(Data items)
════════════════

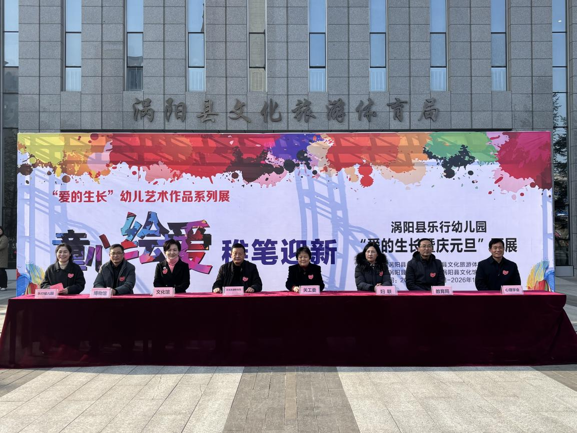 2025年12月30日下午,安徽省亳州市涡阳县文化馆内翰墨飘香、童趣盎然,乐行幼儿园“童心绘爱 稚笔迎新——爱的生长”暨庆元旦艺术作品展在此举办。
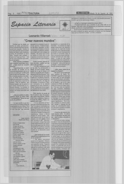 Waldo Rojas, "Es estimulante sentir que mi poesía no ha sido olvidada"  [artículo] Angélica Rivera.
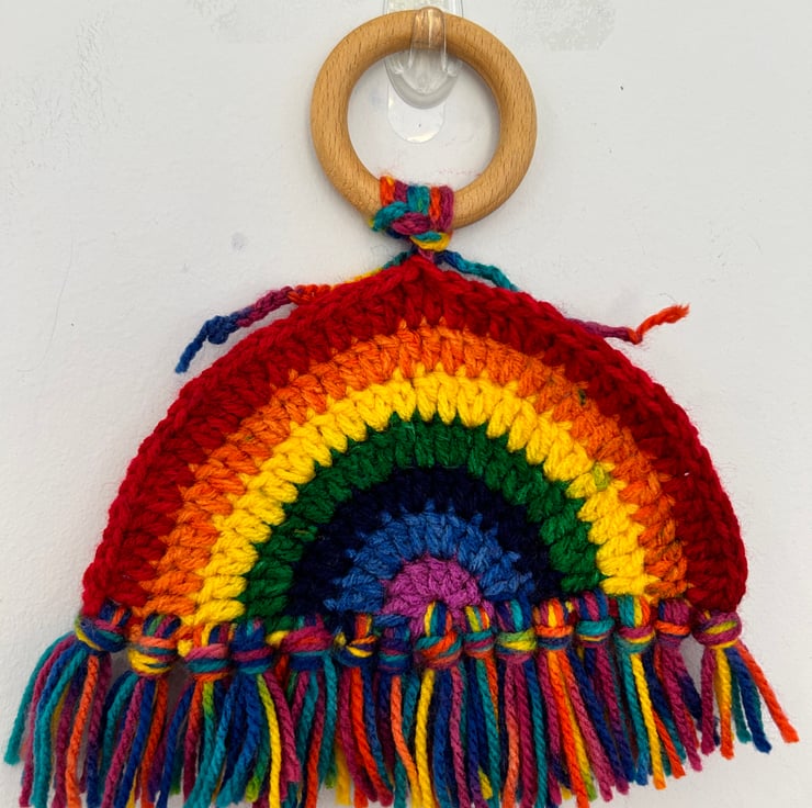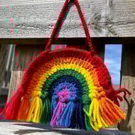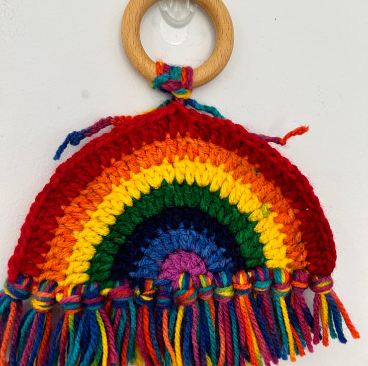Unique, one off hand crocheted rainbow wall decoration with multi coloured tassels and wooden ring.
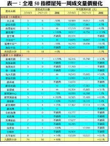 至於,新界區21個指標屋苑上周累錄70宗交投,按周增加1%,其中新港城及錦繡花園各錄5宗及4宗買賣,按周分別急增4倍及3倍;銀湖‧天峰亦有3宗成交,按周增加2倍;熱門上車屋苑嘉湖山莊連錄15宗交投,較前周的6宗大增1.5倍;愉景新城則錄得2宗買賣,較前周的1宗增加1倍。此外,在全港50個指標屋苑當中,上周共有5個屋苑錄得「零成交」,較前周的15個減近67%,當中九龍區及新界區各佔2個及3個,港島區屋苑則全線均錄得成交(詳見表一)。
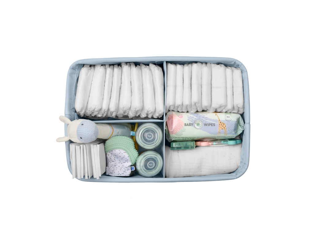 Praktický prenosný organizér v krásnom textilnom prevedení s vnútornými priehradkami vám pomôže prehľadne uložiť toaletné a prebaľovacie potreby pre vaše bábätko. Vďaka držadlám sa ľahko prenáša a môžete ho tak mať vždy po ruke kdekoľvek potrebujete.
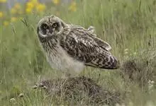 短耳鸮又名小耳木兔、田猫王、夜猫子等,是鸮形目鸱鸮科耳鸮属中小型猛禽动物。成鸟面盘显著,眼周黑色;眼先及内侧眉纹灰白色,面盘余部棕黄色杂以黑色细羽干纹;耳簇羽短小而几乎不外露,…全部>>
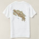 La parte delantera de esta camiseta tiene una pequeña bandera costarricense con sus conocidas bandas azules, blancas y rojas, mientras que la parte trasera muestra un mapa de alivio de Costa Rica. Disponible en camisetas, sudaderas, charcutería, mangas largas y más.
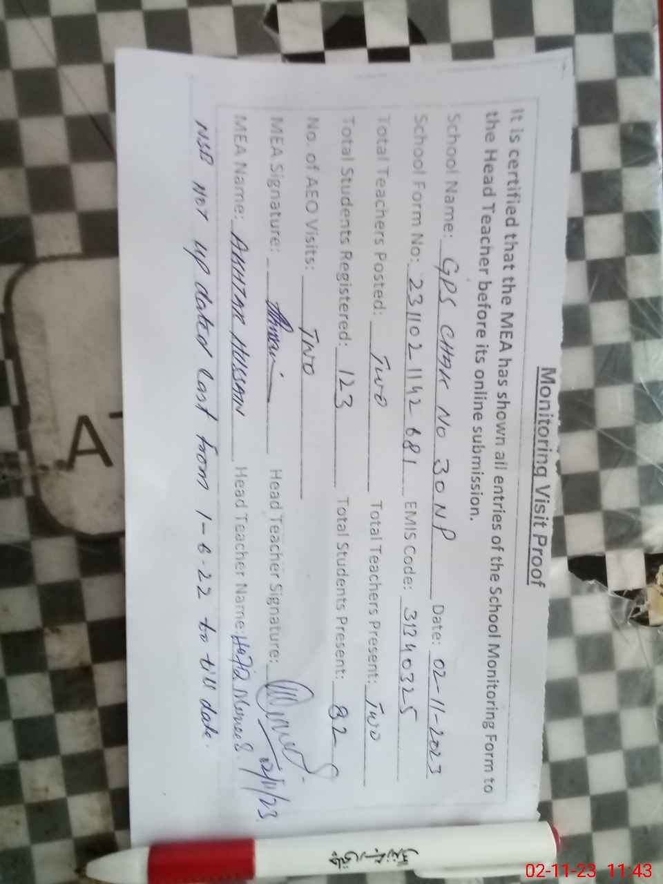 | Attendance Register | Head Teacher | MEA with School | Visit Proof |
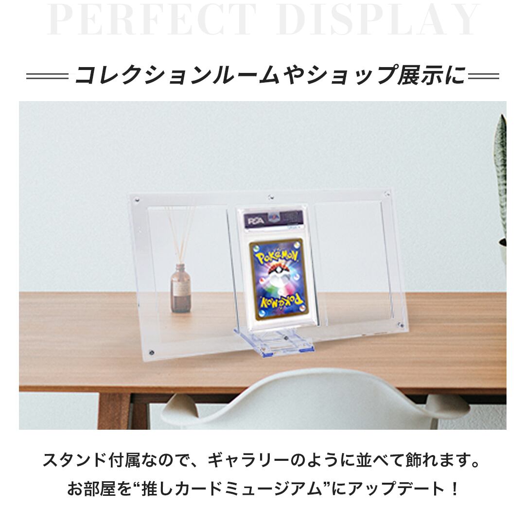 ポケモンカードや遊戯王、スポーツカードなどのPSA鑑定済みカードをワンランク上のスタイルで美しく魅せる、マグネット開閉式のアクリルディスプレイと専用スタンドがセットになった、観賞用に特化したプレミアムディスプレイスタンドです。
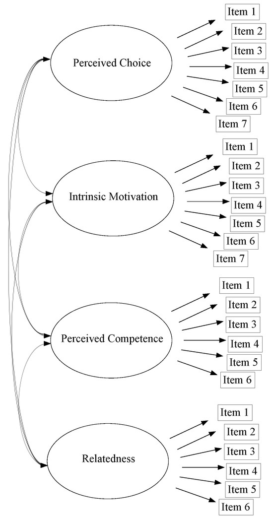 Examples of previous research include McAuley et al. (1989), who investigated four subscales of the IMI (interest/enjoyment, perceived competence, effort, and felt pressure and tension) in the context of physical activity to validate the hypothetical factor structure [41]. The initial model included 18 items. Item deletion was assessed using coefficient alpha, resulting in one item being removed from the interest/enjoyment scale (“While playing this basketball game, I was thinking about how much I enjoyed it”) and one item removed from the perceived competence scale (“I am satisfied with my performance at this game”), resulting in a 16-item inventory. Confirmatory factor analysis (CFA) was conducted in two phases to assess the two models using maximum likelihood estimation on the Likert-type scale responses. The CFA results indicated that the 16-item model had stronger internal consistency than the 18-item model, and the authors encouraged additional validation of the measures in sports and social sciences [41].
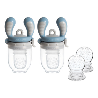 Silikonetudene er selvfølgelig 100% BPA frie og Food Feederen er med ergonomisk håndtag, så det er lettere for barnet selv at holde den i en tidlig alder. Fyld silikonetuden med mad i små stykker eller mos, og lad selv barnet styre måltidet. Det træner barnets motoriske evner og hånd-øje koordination. Hvis Food Feederen skal med på tur bruges den medfølgende hætte for beskyttelse af maden.

════════════════

## Task requirements
Nothing but the lines above, starting at the line that contains "短耳鸮又名小耳木兔、田猫王、" and ending at the line that contains "Examples of previous", should be given again, exactly and without the pictures.

## Response below
 短耳鸮又名小耳木兔、田猫王、夜猫子等,是鸮形目鸱鸮科耳鸮属中小型猛禽动物。成鸟面盘显著,眼周黑色;眼先及内侧眉纹灰白色,面盘余部棕黄色杂以黑色细羽干纹;耳簇羽短小而几乎不外露,…全部>>
 La parte delantera de esta camiseta tiene una pequeña bandera costarricense con sus conocidas bandas azules, blancas y rojas, mientras que la parte trasera muestra un mapa de alivio de Costa Rica. Disponible en camisetas, sudaderas, charcutería, mangas largas y más.
 | Attendance Register | Head Teacher | MEA with School | Visit Proof |
 ポケモンカードや遊戯王、スポーツカードなどのPSA鑑定済みカードをワンランク上のスタイルで美しく魅せる、マグネット開閉式のアクリルディスプレイと専用スタンドがセットになった、観賞用に特化したプレミアムディスプレイスタンドです。
 Examples of previous research include McAuley et al. (1989), who investigated four subscales of the IMI (interest/enjoyment, perceived competence, effort, and felt pressure and tension) in the context of physical activity to validate the hypothetical factor structure [41]. The initial model included 18 items. Item deletion was assessed using coefficient alpha, resulting in one item being removed from the interest/enjoyment scale (“While playing this basketball game, I was thinking about how much I enjoyed it”) and one item removed from the perceived competence scale (“I am satisfied with my performance at this game”), resulting in a 16-item inventory. Confirmatory factor analysis (CFA) was conducted in two phases to assess the two models using maximum likelihood estimation on the Likert-type scale responses. The CFA results indicated that the 16-item model had stronger internal consistency than the 18-item model, and the authors encouraged additional validation of the measures in sports and social sciences [41].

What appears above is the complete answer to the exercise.